Bio: I am an Associate Professor in Spanish at the University of Oxford, and a Fellow of Wadham College. I specialise in modern and contemporary Latin American literature, with a particular interest in the environmental humanities, gender, and affect. Centring on the dynamics between affect and literary form, my current research project investigates how contemporary women writers from Latin America grapple with major problems faced by the region in the twenty-first century—including environmental degradation and violence against women—through innovative aesthetics and experimental modes of storytelling.


Thyase Madella (Universidade Federal de Sergipe), “The Borderlands as a Decolonial Multispecies Locale”

Abstract: This work analyzes how Gloria Anzaldúa’s concept of the Borderlands (1987) functions as a decolonial multispecies perspective that counteracts humanistic rationality. The investigation focuses on the Borderlands as a geographically located material performativity that takes into consideration the knowledge and experience of marginalized multispecies subjects. Anzaldúa’s decolonial thinking develops from the dehumanization, violence, and exploitation inflicted upon the land, peoples, and all beings constituting this space she calls “Borderlands”. Consequently, her theorizations are grounded in the material reality and complex entanglements of Borderlands life. Within this framework, Anzaldúa forges kin companionships that are illegible within Enlightenment-based individualism. In doing so, she envisions new archetypes by drawing on Indigenous and non-human knowledge to imagine possibilities for existence outside the constraints of Western, white, colonial, and Anglo-European society. The onto-epistemology of the Borderlands thus counters the humanist discourse that relegates nonhuman existence, including humans who are marginalized or do not fit into a normative expectation, to inferiority. The rationality embedded in the coloniality of knowledge is dismantled by a theorization that values knowledge and beings from a marginalized space, which unfolds into the dismantling of binary constructions such as us/them, superior/inferior, human/nature, West/rest. Ultimately, this work argues that the Borderlands are constituted by the lands, territory, history, ancestors, spirituality, and the constant articulation between the human and nonhuman in creating these psychological and geographical spaces. The very concept of Borderlands, discussing the space in the multiplicity of the whole in which it is formed, is by itself a human and nonhuman articulation. The non-normative constitution of this kind of space is exactly what allows different possibilities of beings. This analysis is informed by the material and decolonial theories of Gloria Anzaldúa, Jasbir Puar, Donna Haraway, Rosi Braidotti, Stacy Alaimo, Karen Barad, and AnaLouise Keating. 

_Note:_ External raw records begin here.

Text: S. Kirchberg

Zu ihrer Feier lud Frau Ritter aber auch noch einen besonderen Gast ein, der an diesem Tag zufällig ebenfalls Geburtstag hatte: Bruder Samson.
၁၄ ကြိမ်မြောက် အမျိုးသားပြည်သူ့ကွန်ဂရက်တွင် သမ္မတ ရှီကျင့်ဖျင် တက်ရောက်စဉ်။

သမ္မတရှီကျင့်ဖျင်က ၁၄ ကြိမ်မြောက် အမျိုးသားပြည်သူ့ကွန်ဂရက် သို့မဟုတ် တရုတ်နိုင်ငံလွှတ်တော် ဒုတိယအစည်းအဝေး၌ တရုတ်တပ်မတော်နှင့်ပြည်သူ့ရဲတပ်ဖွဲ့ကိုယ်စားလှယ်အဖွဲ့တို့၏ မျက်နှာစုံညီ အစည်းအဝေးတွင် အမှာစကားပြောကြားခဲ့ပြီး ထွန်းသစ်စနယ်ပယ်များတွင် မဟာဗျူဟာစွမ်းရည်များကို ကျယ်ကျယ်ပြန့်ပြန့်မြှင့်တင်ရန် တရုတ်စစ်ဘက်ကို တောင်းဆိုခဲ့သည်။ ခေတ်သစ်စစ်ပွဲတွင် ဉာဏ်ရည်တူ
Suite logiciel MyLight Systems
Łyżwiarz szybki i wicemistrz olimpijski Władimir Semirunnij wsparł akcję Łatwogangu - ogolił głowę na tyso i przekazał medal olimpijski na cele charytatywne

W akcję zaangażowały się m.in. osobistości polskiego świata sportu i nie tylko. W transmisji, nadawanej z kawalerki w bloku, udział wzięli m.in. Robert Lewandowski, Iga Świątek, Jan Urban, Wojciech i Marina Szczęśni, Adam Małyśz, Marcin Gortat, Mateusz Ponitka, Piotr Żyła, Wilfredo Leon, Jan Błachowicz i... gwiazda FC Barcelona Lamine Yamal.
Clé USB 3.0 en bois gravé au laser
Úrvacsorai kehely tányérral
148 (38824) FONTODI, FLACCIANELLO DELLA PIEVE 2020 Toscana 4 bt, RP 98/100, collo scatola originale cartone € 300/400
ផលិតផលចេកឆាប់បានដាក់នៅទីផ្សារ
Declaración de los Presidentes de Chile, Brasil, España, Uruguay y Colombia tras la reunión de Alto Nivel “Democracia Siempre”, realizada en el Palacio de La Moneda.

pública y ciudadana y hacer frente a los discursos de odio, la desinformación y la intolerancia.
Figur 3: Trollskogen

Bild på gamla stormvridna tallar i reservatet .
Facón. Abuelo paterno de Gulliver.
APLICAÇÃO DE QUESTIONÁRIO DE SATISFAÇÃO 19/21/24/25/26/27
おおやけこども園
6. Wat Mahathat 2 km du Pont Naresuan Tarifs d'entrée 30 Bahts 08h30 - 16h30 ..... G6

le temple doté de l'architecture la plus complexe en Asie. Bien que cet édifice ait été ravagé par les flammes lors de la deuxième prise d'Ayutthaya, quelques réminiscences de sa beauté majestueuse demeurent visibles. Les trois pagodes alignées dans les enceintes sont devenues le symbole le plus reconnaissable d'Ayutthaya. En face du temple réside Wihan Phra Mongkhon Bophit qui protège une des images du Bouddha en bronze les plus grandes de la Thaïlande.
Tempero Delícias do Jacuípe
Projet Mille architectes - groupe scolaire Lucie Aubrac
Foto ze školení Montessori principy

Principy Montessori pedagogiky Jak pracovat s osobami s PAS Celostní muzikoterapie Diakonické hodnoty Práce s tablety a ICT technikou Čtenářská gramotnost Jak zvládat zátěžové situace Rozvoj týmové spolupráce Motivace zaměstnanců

Bio: Thayse Madella is a Professor of English at the Federal University of Sergipe (UFS), Brazil. She holds a Ph.D. in English from the Federal University of Santa Catarina (UFSC), Brazil, where her dissertation, Cartography of Chicana Desire, explored the intersections of subjectivity, space, and desire in Chicana literature. Her academic journey also includes research conducted at Trinity University in San Antonio, Texas, as a Fulbright grant recipient.